Set every record down again exactly. Do not carry over the pictures.

━━━━━ MATERIAL FOR THIS EXERCISE

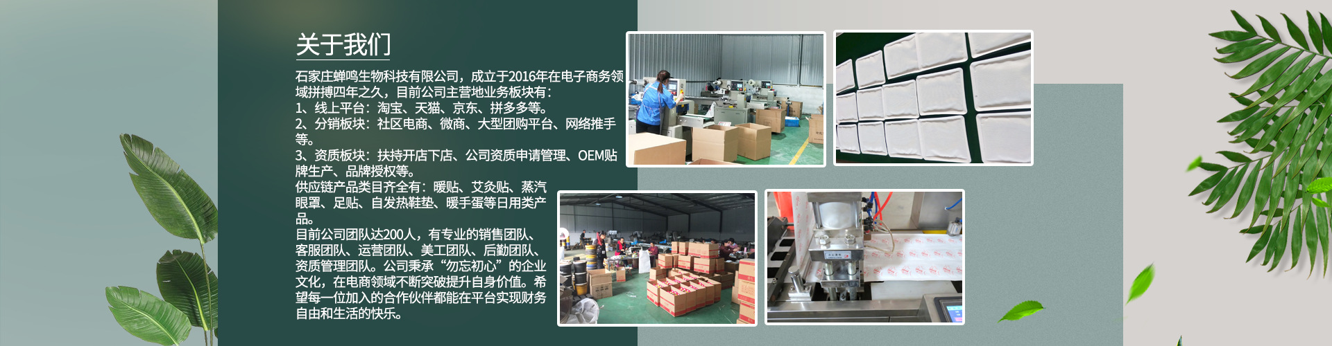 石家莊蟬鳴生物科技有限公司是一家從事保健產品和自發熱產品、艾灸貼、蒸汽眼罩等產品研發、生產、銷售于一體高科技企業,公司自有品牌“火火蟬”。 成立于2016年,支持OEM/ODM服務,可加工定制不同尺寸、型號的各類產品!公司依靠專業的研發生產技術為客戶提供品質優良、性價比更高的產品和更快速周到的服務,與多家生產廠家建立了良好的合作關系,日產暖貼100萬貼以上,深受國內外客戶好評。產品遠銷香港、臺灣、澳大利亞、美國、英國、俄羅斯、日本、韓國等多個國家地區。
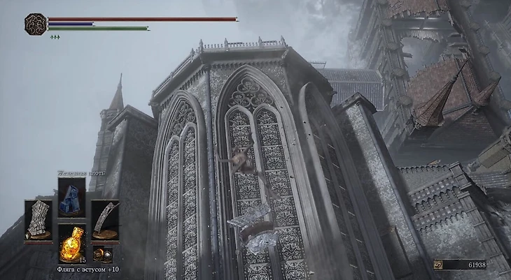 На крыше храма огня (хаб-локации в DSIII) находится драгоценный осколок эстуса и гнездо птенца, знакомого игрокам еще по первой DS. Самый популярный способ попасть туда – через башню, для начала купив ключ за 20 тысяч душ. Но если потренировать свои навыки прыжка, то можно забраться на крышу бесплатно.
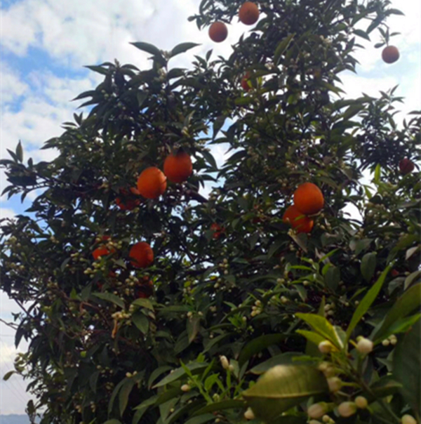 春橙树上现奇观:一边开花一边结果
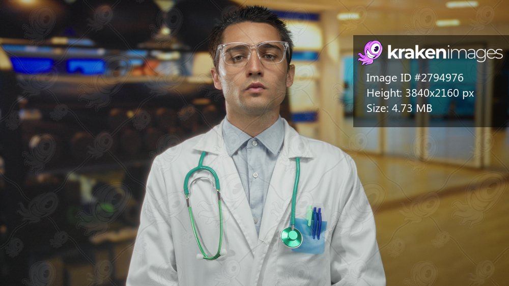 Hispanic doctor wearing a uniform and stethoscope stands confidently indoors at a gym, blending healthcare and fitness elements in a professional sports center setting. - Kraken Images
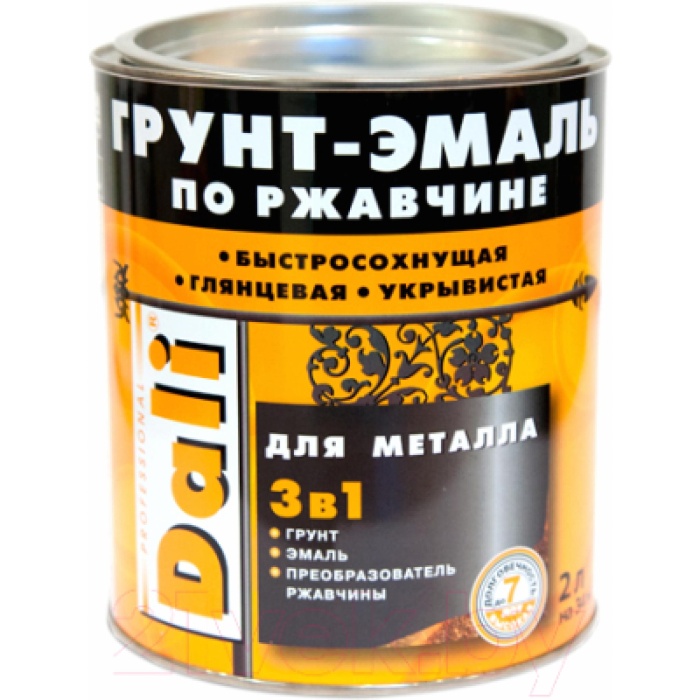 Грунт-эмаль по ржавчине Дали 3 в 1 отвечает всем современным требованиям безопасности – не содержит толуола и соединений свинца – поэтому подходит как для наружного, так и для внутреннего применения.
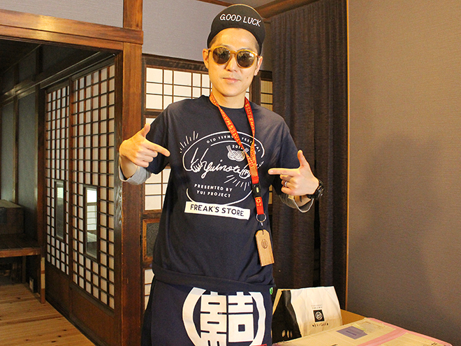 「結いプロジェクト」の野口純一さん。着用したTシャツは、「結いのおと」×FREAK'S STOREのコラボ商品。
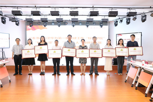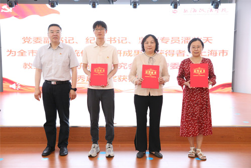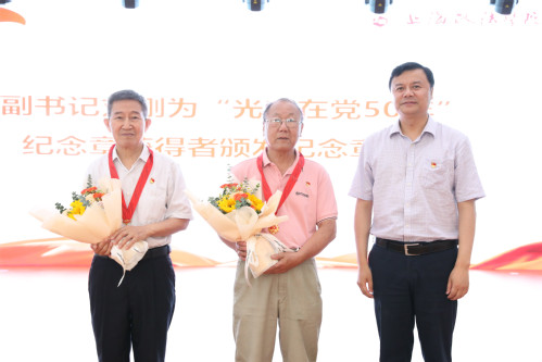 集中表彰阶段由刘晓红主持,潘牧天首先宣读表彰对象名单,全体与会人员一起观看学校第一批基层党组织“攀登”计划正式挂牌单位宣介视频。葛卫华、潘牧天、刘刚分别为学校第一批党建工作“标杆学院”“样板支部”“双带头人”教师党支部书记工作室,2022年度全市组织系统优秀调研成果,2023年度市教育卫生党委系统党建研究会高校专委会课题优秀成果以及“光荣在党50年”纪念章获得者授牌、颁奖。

━━━━━━━━━━

• [RESULT BELOW]
 石家莊蟬鳴生物科技有限公司是一家從事保健產品和自發熱產品、艾灸貼、蒸汽眼罩等產品研發、生產、銷售于一體高科技企業,公司自有品牌“火火蟬”。 成立于2016年,支持OEM/ODM服務,可加工定制不同尺寸、型號的各類產品!公司依靠專業的研發生產技術為客戶提供品質優良、性價比更高的產品和更快速周到的服務,與多家生產廠家建立了良好的合作關系,日產暖貼100萬貼以上,深受國內外客戶好評。產品遠銷香港、臺灣、澳大利亞、美國、英國、俄羅斯、日本、韓國等多個國家地區。
 На крыше храма огня (хаб-локации в DSIII) находится драгоценный осколок эстуса и гнездо птенца, знакомого игрокам еще по первой DS. Самый популярный способ попасть туда – через башню, для начала купив ключ за 20 тысяч душ. Но если потренировать свои навыки прыжка, то можно забраться на крышу бесплатно.
 春橙树上现奇观:一边开花一边结果
 Hispanic doctor wearing a uniform and stethoscope stands confidently indoors at a gym, blending healthcare and fitness elements in a professional sports center setting. - Kraken Images
 Грунт-эмаль по ржавчине Дали 3 в 1 отвечает всем современным требованиям безопасности – не содержит толуола и соединений свинца – поэтому подходит как для наружного, так и для внутреннего применения.
 「結いプロジェクト」の野口純一さん。着用したTシャツは、「結いのおと」×FREAK'S STOREのコラボ商品。
 集中表彰阶段由刘晓红主持,潘牧天首先宣读表彰对象名单,全体与会人员一起观看学校第一批基层党组织“攀登”计划正式挂牌单位宣介视频。葛卫华、潘牧天、刘刚分别为学校第一批党建工作“标杆学院”“样板支部”“双带头人”教师党支部书记工作室,2022年度全市组织系统优秀调研成果,2023年度市教育卫生党委系统党建研究会高校专委会课题优秀成果以及“光荣在党50年”纪念章获得者授牌、颁奖。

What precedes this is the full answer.